ASSIGNMENT :: Copy out each record that follows exactly, and omit any picture you find.

GIVEN DATA ::
################
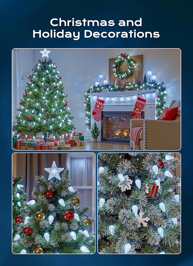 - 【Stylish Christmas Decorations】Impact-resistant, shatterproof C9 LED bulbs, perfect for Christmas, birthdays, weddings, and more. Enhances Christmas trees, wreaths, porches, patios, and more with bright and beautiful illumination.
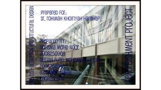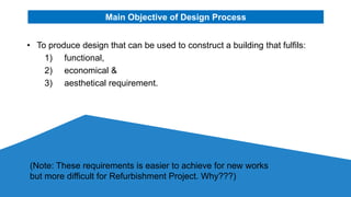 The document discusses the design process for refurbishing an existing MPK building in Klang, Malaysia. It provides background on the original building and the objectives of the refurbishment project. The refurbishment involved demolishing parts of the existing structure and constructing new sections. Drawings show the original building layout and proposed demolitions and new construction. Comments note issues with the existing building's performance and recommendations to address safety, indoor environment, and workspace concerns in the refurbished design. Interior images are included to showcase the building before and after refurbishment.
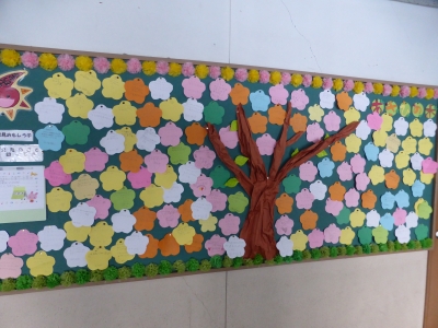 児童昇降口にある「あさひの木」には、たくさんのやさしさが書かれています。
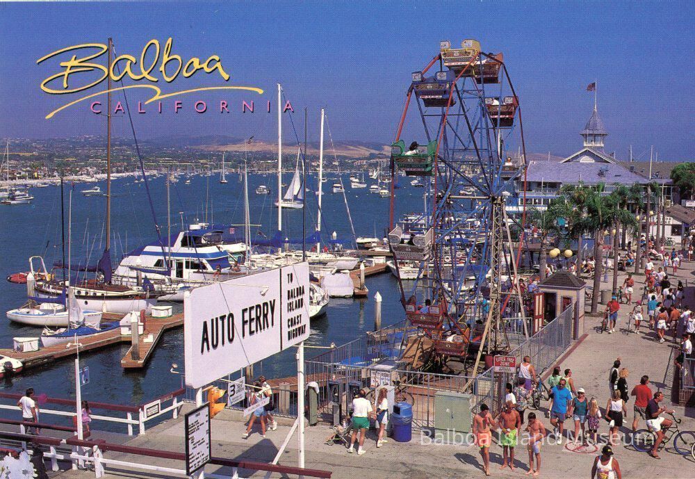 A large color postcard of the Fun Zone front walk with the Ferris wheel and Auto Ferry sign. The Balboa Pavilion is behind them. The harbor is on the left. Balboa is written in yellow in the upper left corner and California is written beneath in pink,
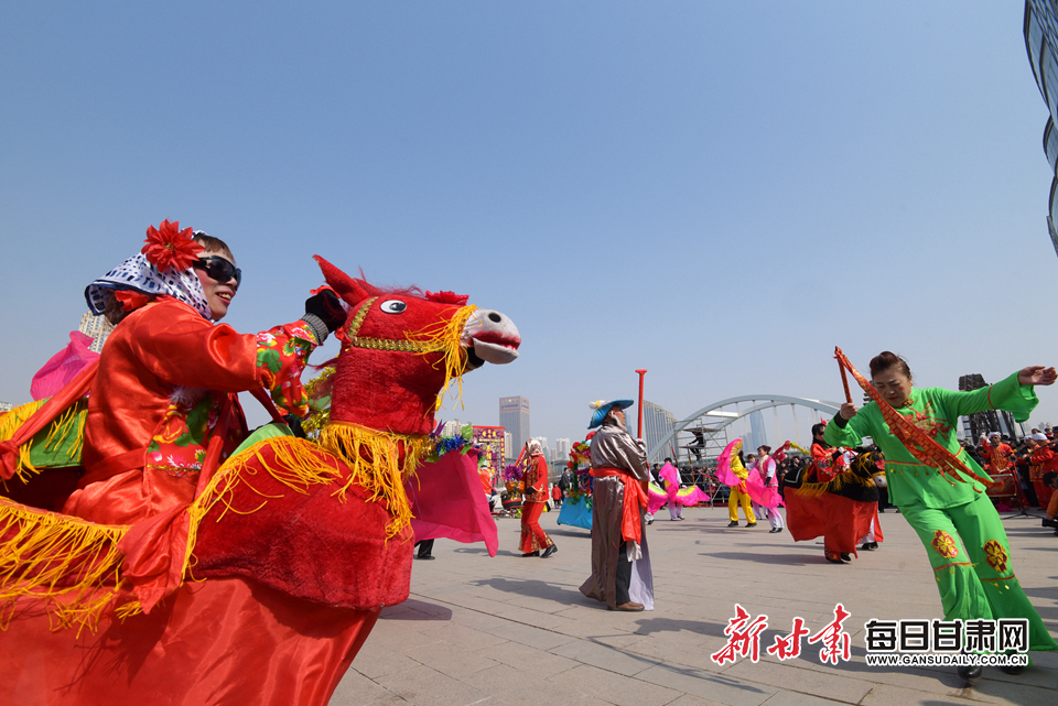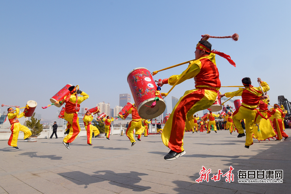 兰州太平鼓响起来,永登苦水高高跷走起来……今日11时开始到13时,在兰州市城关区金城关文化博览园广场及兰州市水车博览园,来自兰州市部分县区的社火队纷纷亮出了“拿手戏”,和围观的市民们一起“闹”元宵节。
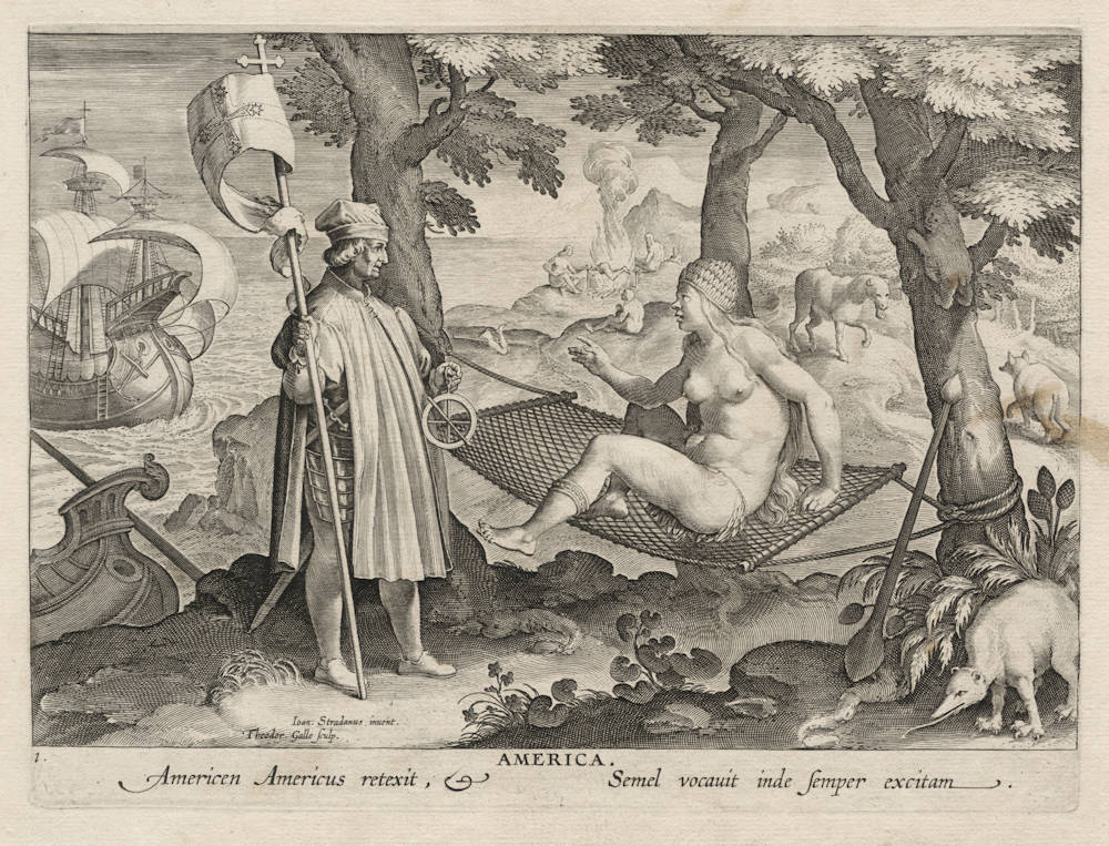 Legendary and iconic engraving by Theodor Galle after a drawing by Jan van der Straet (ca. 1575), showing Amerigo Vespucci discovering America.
################
OUTPUT OF THE EXERCISE ::
 - 【Stylish Christmas Decorations】Impact-resistant, shatterproof C9 LED bulbs, perfect for Christmas, birthdays, weddings, and more. Enhances Christmas trees, wreaths, porches, patios, and more with bright and beautiful illumination.
 The document discusses the design process for refurbishing an existing MPK building in Klang, Malaysia. It provides background on the original building and the objectives of the refurbishment project. The refurbishment involved demolishing parts of the existing structure and constructing new sections. Drawings show the original building layout and proposed demolitions and new construction. Comments note issues with the existing building's performance and recommendations to address safety, indoor environment, and workspace concerns in the refurbished design. Interior images are included to showcase the building before and after refurbishment.
 児童昇降口にある「あさひの木」には、たくさんのやさしさが書かれています。
 A large color postcard of the Fun Zone front walk with the Ferris wheel and Auto Ferry sign. The Balboa Pavilion is behind them. The harbor is on the left. Balboa is written in yellow in the upper left corner and California is written beneath in pink,
 兰州太平鼓响起来,永登苦水高高跷走起来……今日11时开始到13时,在兰州市城关区金城关文化博览园广场及兰州市水车博览园,来自兰州市部分县区的社火队纷纷亮出了“拿手戏”,和围观的市民们一起“闹”元宵节。
 Legendary and iconic engraving by Theodor Galle after a drawing by Jan van der Straet (ca. 1575), showing Amerigo Vespucci discovering America.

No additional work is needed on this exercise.